CloudAudioAI Architecture Evolution Diagrams¶
%% This document visualizes the evolution from current monolithic system to v1.0 with Pydantic validation, then to future AgentOrchestrator architecture %%
1. Current System Architecture (Production Today)¶
graph TB
subgraph "Telephony Providers"
RC[RingCentral]
TW[Twilio]
end
subgraph "AWS Infrastructure - Current State"
subgraph "Entry & Queue"
API[API Gateway<br/>**Webhook Handler**]
SQS[SQS Queue<br/>**5min delay**]
DLQ[Dead Letter Queue]
end
subgraph "Processing Pipeline"
TP[TranscribeProcessor<br/>Lambda]
TRP[TranscriptionResultProcessor<br/>Lambda]
end
subgraph "Storage"
S3[(S3 Bucket<br/>Recordings/Transcripts/Analysis)]
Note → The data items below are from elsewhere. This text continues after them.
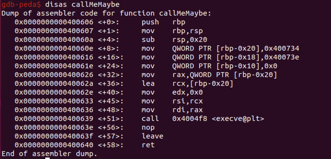 execve 함수가 사용됨을 확인할 수 있고, main함수 말고, callMeMaybe 함수도 있는것을 확인할 수 있다.
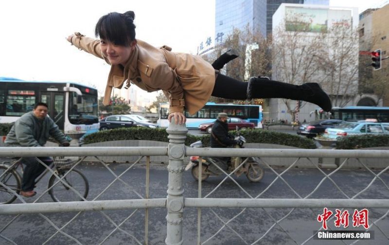 1月26日,南京山西路上,“95後”美女雪兒站上壹米多高的馬路隔離欄,單手支撐做起高難度動作,引得路人側目。據了解,雪兒來自遼寧鞍山,希望通過這種行為藝術的表演,在春節即將到來之際,呼吁市民抵制亂穿馬路、做文明交通人。她表示,以後每到壹個城市她都將進行這樣的表演,以個人的微薄之力倡導文明出行。中新社發 泱波 攝
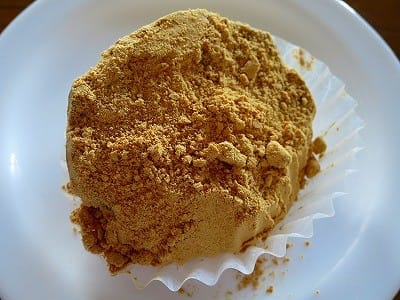 一回り小さいおはぎにきな粉がたっぷりかかっているので、甘さも控えめに感じます。
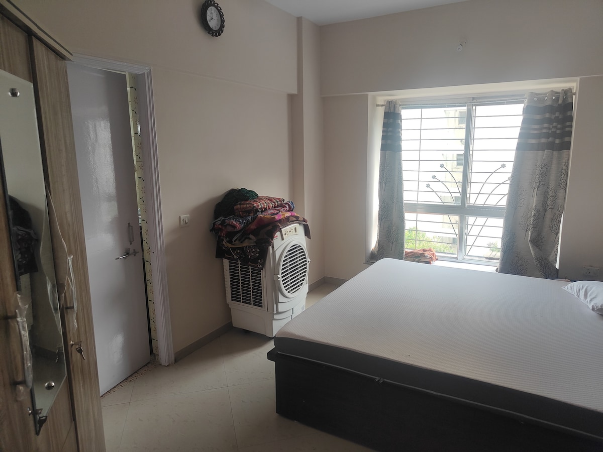 Deze stijlvolle accommodatie is perfect voor groepsreizen. Ons huis ligt in het hart van de industriële stad (PCMC) met de nabijheid van metro en openbaar vervoer. De plek heeft alle comfort die je huis kan bieden en het is nieuw gedaan (zonder geur van verf :). Wij bieden een 2BHK met 2 badkamers, de master bedroom als ensuite badkamer. De ruimte heeft ook een speciale studie/ kantoor/ werkruimte voor bedrijven die een speciale ruimte voor hun laptops willen. Slaapkamer is uitgerust met airconditioning.

DB[(DynamoDB<br/>call-events & call-analysis)]
end
subgraph "Configuration Files"
CF[**MONOLITHIC**<br/>prompt-v5.txt<br/>800+ lines<br/>Static staff list]
end
subgraph "AI Services"
TR[AWS Transcribe]
BR[AWS Bedrock<br/>**Text Generation Mode**<br/>❌ No validation]
end
subgraph "Frontend"
BFF[BFF API Lambda]
VUE[Vue3 Dashboard]
end
end
RC -->|Webhook| API
TW -->|Webhook| API
API -->|Queue| SQS
SQS -->|Process| TP
SQS -.->|Failed| DLQ
TP -->|Download audio| S3
TP -->|Transcribe| TR
TR -->|Store transcript| S3
S3 -->|S3 Event| TRP
CF -->|Load prompt| TRP
TRP -->|Generate analysis| BR
BR -->|**Unstructured JSON**| TRP
TRP -->|Store results| S3
TRP -->|Update status| DB
DB -->|Query| BFF
BFF -->|API| VUE
style BR fill:#ff9999
style CF fill:#ffcc99
Current System Characteristics¶
- Monolithic Prompt: Single 800+ line prompt file
- Static Staff List: Hardcoded in prompt
- Unstructured Output: Bedrock returns JSON as text, prone to malformation
- No Validation: ~15% of responses have missing/invalid fields
- Manual Updates: Requires code deployment for staff changes
2. New v1.0 Architecture (With Pydantic Validation)¶
graph TB
subgraph "Telephony Providers"
RC[RingCentral]
TW[Twilio]
end
subgraph "AWS Infrastructure - v1.0 Changes"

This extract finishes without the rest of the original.